Farther west of Boston, the Insight Meditation Society in Barre, Massachusetts is the first and largest of the American centers for Vipassana, or insight meditation. The Insight Meditation Society holds various retreats throughout the year. Around Boston, Vipassana meditation is practiced at the Cambridge Insight Meditation Center, an “urban forest retreat” in an old Victorian house in Cambridge.

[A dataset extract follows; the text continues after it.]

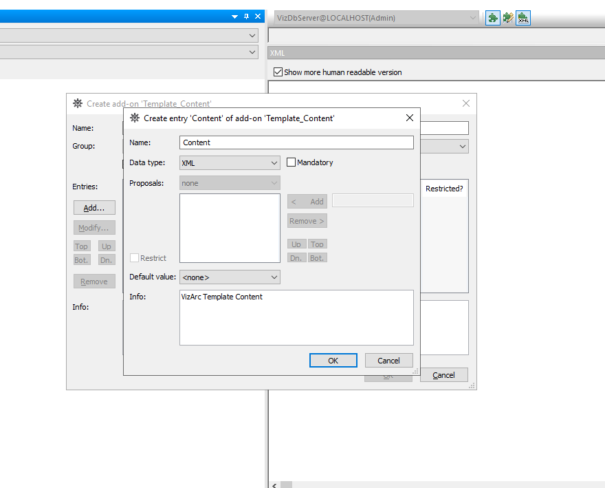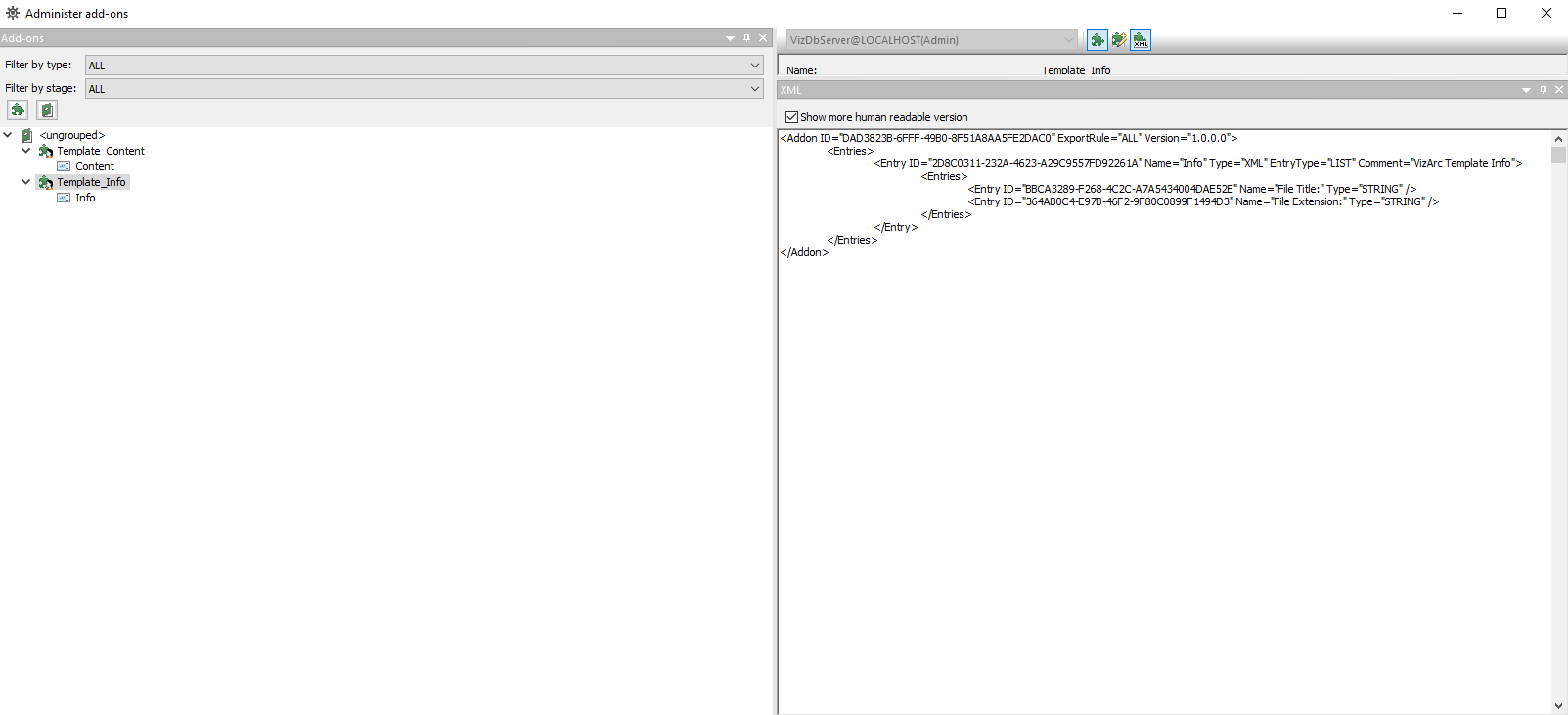Add an entry under Info, something like Viz Arc Template Info. The data type must be XML.

Buddhism at Colleges and Universities 

Another aspect of Buddhism in Boston lies in the extensive college and university Buddhist communities. At Harvard Divinity School, the Buddhist Ministry Initiative trains future Buddhist religious professionals in the academic study of religion, Buddhist Studies, and pastoral care. This initiative is the first of its kind at a divinity school within a research university. Student groups highlight the ways in which Buddhism has become uniquely “American” in some settings. They provide a space in which individuals from different backgrounds and religious traditions can come together with a shared interest in Buddhism. The Tufts Buddhist Sangha actively participates in interfaith events at the University, and also hosts open meetings each week, in which discussion of Buddhist philosophy is framed by meditation practice. At Wellesley College, the Buddhist Community holds open meditation several days a week and often invites guest teachers to lead Dharma talks on the campus. The Harvard Buddhist Community similarly leads weekly practice and frequently hosts events for individuals at Harvard and in the greater Cambridge community.

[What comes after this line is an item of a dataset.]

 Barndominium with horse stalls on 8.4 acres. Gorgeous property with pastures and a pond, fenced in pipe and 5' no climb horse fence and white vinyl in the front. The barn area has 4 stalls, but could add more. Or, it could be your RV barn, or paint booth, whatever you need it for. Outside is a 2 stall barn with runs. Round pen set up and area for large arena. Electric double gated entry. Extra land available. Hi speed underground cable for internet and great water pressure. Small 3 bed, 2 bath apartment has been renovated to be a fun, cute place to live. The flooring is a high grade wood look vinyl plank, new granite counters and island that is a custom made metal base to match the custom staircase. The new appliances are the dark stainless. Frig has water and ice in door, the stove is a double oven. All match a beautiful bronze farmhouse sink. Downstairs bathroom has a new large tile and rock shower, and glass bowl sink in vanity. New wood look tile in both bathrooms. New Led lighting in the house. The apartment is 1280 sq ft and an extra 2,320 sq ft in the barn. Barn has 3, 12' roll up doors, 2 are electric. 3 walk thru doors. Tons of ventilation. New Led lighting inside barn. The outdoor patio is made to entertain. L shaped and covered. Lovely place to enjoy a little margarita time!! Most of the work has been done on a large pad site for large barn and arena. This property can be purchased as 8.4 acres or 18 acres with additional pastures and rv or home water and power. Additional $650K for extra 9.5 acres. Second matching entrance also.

The multiplicity of Buddhist groups in Greater Boston provides a microcosm of Buddhism in the United States as a whole. Because of the significant immigrant populations from traditionally Buddhist countries and a long history of local interest in the study and practices of Buddhism, the tradition has played a prominent role in Greater Boston’s religious landscape. The result has been the development of many Buddhisms. Not merely a static tradition, Buddhism in Greater Boston is a growing and dynamic interaction between many diverse peoples and their practices.